L’article 5 est un des articles majeurs de cette loi.
On pourrait s’étonner de le voir figurer dans une loi de programmation militaire, car il traite d’une question institutionnelle de fond, qui est la réorganisation des pouvoirs publics pour les adapter à la nouvelle stratégie dite de « la sécurité nationale ».
Conscient du fait que votre projet de loi ne traitait pas que de programmation militaire, vous avez d’ailleurs, monsieur le ministre, prudemment ajouté dans son intitulé : « et diverses dispositions concernant la défense ».
Cela vous permet donc, par exemple, de modifier l’organisation des pouvoirs publics, de privatiser deux entreprises, ou encore de limiter le pouvoir d’investigation des juges.
Cette nouvelle notion de sécurité nationale est issue des réflexions menées dans le cadre du Livre blanc élaboré l’an dernier et approuvé par le Président de la République.
C’est une notion directement importée des États-Unis et qui est à l’origine de toutes les politiques publiques américaines de sécurité et de défense. Elle inspire aussi la réflexion actuellement en cours au sein de l’OTAN pour renouveler ses concepts stratégiques.
Bien que nous vivions dans un monde globalisé, je suis loin d’être persuadée qu’une telle notion corresponde à la vision que nous avons en France des risques et des menaces contre nos intérêts nationaux.
Mais je voudrais surtout, avec cet amendement de suppression, marquer notre profonde opposition aux modifications institutionnelles qu’implique cette notion, ainsi que notre refus de la concentration des pouvoirs qu’elle entraîne.

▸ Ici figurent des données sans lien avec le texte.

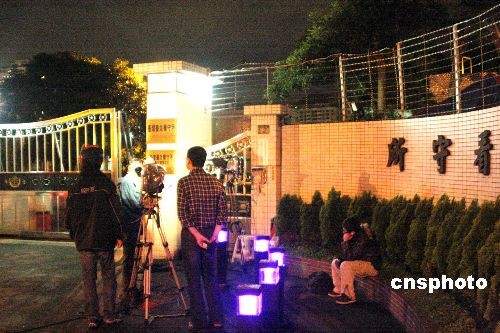 11月12日晨,陳水扁因貪污案被臺北地方法院裁定收押禁見,送往臺北看守所。圖為當(dāng)天入夜后,位于臺北縣土城市的臺北看守所門前,仍有大批媒體記者蹲守采訪陳水扁在看守所度過第一夜等相關(guān)新聞。中新社發(fā)黃少華 攝
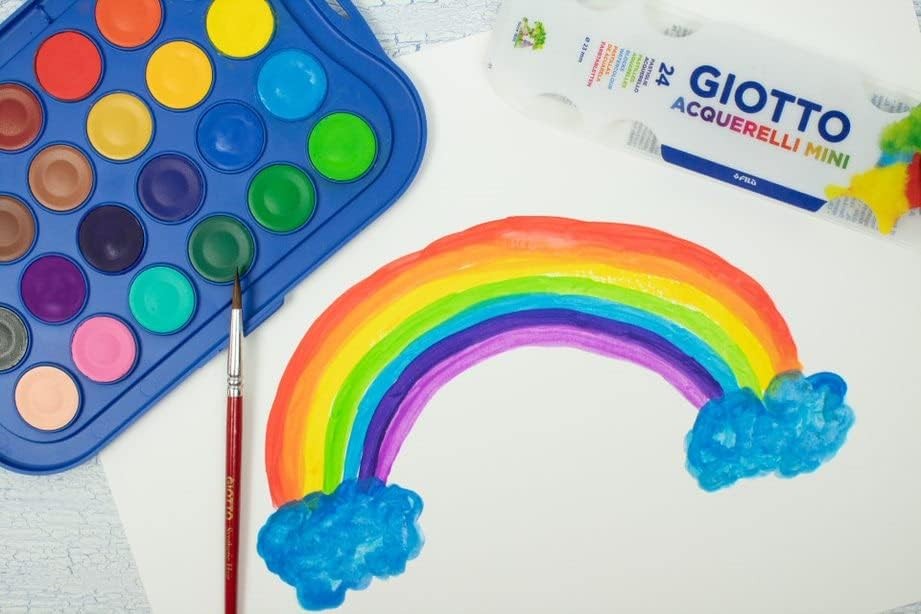 La confezione Giotto Acquerelli include 24 pastiglie di tempera ad acquerello dal diametro di 30 mm e un pennello di alta qualità. I colori sono intensi, facili da sfumare e perfetti per dipingere su carta, cartoncino e superfici creative. Grazie alla formulazione a base d'acqua, sono semplici da usare e ideali per bambini, studenti e appassionati di pittura. La pratica confezione con coperchio richiudibile consente di conservarli e trasportarli facilmente.
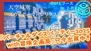 現在VR空間で開催中のVRアナログゲーム(ボードゲーム・TRPGなど)を中心とした展示会「バーチャルダイスパーティー2025 with 冒険企画局(以下、VDP2025)」にTGFFもブース出展させていただいています!(ブース№ 2-F)V...
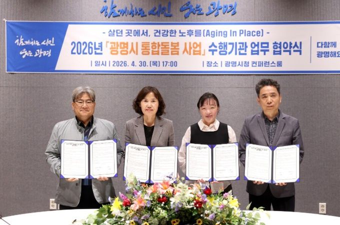 시는 30일 시청 컨퍼런스룸에서 ‘2026년 광명시 통합돌봄 사업’ 수행기관 3곳과 업무협약을 체결했다.

À travers cet article, on assiste en effet à une extension du champ de la sécurité et du champ des compétences du Président de la République. La défense nationale devient un sous-ensemble de la sécurité du pays, qui englobe déjà la sécurité intérieure.
Cet élargissement des notions implique une concentration pyramidale des pouvoirs du Président de la République. Sur les questions de sécurité, tout remonte à lui et tout procède de lui.
C’est ainsi que cet article 5 vise notamment à remplacer l’actuel conseil de défense, ainsi que le conseil de sécurité intérieure, par un seul organisme qui englobera l’ensemble.
Le champ de compétence de ce nouvel organisme sera extrêmement étendu, puisqu’il couvrira toutes les questions et toutes les politiques ayant trait à la défense et à la sécurité nationale.
Quand on sait que ce nouveau conseil de défense et de sécurité nationale, présidé par le chef de l’État, se déclinera en formations spécialisées restreintes qui seront toutes, elles aussi, présidées par lui, en particulier pour le renseignement, on mesure l’étendue du contrôle et des pouvoirs présidentiels sur la sécurité du pays.
J’ajouterai enfin que nous débattons aussi de la création d’un organisme qui existe déjà depuis quelques mois, puisque le conseil national du renseignement, l’une des formations spécialisées du conseil de défense et de sécurité nationale, est déjà en place ; son coordonnateur a été nommé il y a quelques mois. Il s’agit, là encore, d’un bel exemple d’organisme fonctionnant avant même que la loi ne soit votée !
Ne voulant ni cautionner ce déséquilibre institutionnel ni approuver cette présidentialisation sans partage et sans contrôle de la sécurité du pays, nous vous demandons, mes chers collègues, d’adopter cet amendement de suppression de l’article 5.